# Running extremely rough - Codes: P0301, P0601, P0106, P0171,P1101, P0131



## stei3403 (Feb 13, 2015)

Hello, New to the forum.

I have a 2012 Cruze eco 1.4L Turbo that just started running extremely rough all of a sudden and threw a bunch of codes. Vehicle idles and runs very rough, stalls, misfires, sputters, etc.

Codes:
P0301 - Cyl 1 misfire
P0601 - PCM read only memory (ROM) - checksum failure
C3103
C1BAA
B2AAA
P0106 - MAP System performance
P015B
P0171 - Fuel trim lean bank 1
P1101 - MAF related?
P0131 - O2 circuit low voltage Bank 1 Sensor 1

When the check engine light first came on it was accompanied by a Traction control/Stabilitrac warning.
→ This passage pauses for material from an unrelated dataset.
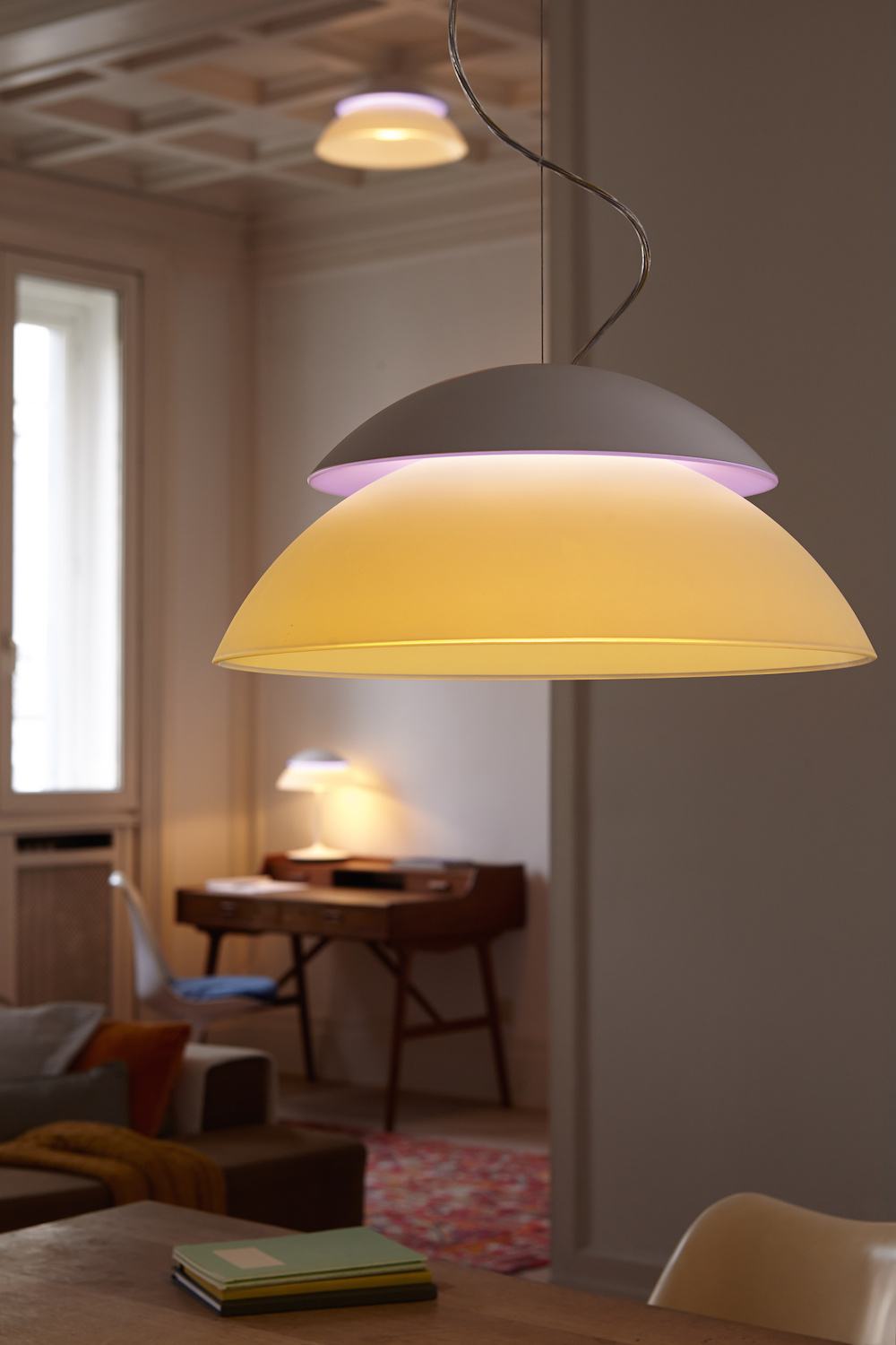 Reprenant toutes les trois le même principe de design avec deux dômes l’un sur l’autre, les trois modèles sont un plafonnier, une lampe suspendue ou encore une lampe de bureau. Ils consistent en une lampe blanche, dont on peut régler la puissance, ainsi qu’une partie colorée, caractéristique des produits Hue de Philips. Les deux parties lumineuses sont distinctes et peuvent être contrôlées séparément à partir de l’application habituelle. Évidemment on retrouvera toutes les fonctionnalités de programmation des lampes Philips Hue avec IFTTT, notamment pour programmer des alertes visuelles pour ses courriels ou les buts de son équipe favorite.

It got progressively worse over the course of a couple hundred miles until it would barely run. 

Car is at the dealer now and all they did is clear the codes and they want to replace the O2 sensor...

I think the most likely culprit is a faulty PCM?


----------



## Slammed2014Eco (Feb 13, 2014)

stei3403 said:


> Hello, New to the forum.
> 
> I have a 2012 Cruze eco 1.4L Turbo that just started running extremely rough all of a sudden and threw a bunch of codes. Vehicle idles and runs very rough, stalls, misfires, sputters, etc.
> 
> ...


Throwing that many codes **** it could be anything but the PCM could possibly be a culprit but I don't think for everything on that list, I don't really see how an 02 sensor would fix all of those issues tho have you had any other issues with the car? Have you had the negative ground cable tested for the recall that's out?


----------



## Blue Angel (Feb 18, 2011)

The Traction Control light and multiple codes makes me wonder if this might have something to do with the negative battery cable recall:

http://www.cruzetalk.com/forum/25-s...al-coverage-14311-negative-battery-cable.html


----------



## JerTM (Dec 12, 2014)

A p0601 is basically telling you that the Fuel pump control module has an internal fault. SI directs you to reprogram the module, if P0601 sets again, replace it.
It is possible that most if not all of your woes are caused by this failure.


----------



## stei3403 (Feb 13, 2015)

Just got word from the dealer that they found a leak in the cam shaft seal. I guess this is causing a vacuum leak which would explain many of the codes. They also said that they are not seeing the P0601 which I find quite odd.

And of course they are still trying to sell me on the O2 sensor...


----------



## stei3403 (Feb 13, 2015)

Blue Angel said:


> The Traction Control light and multiple codes makes me wonder if this might have something to do with the negative battery cable recall:
> 
> http://www.cruzetalk.com/forum/25-s...al-coverage-14311-negative-battery-cable.html



Good call on the battery cable recall. I saw that the other day but didn't think anything about it. I will mention it next time I talk to the guy.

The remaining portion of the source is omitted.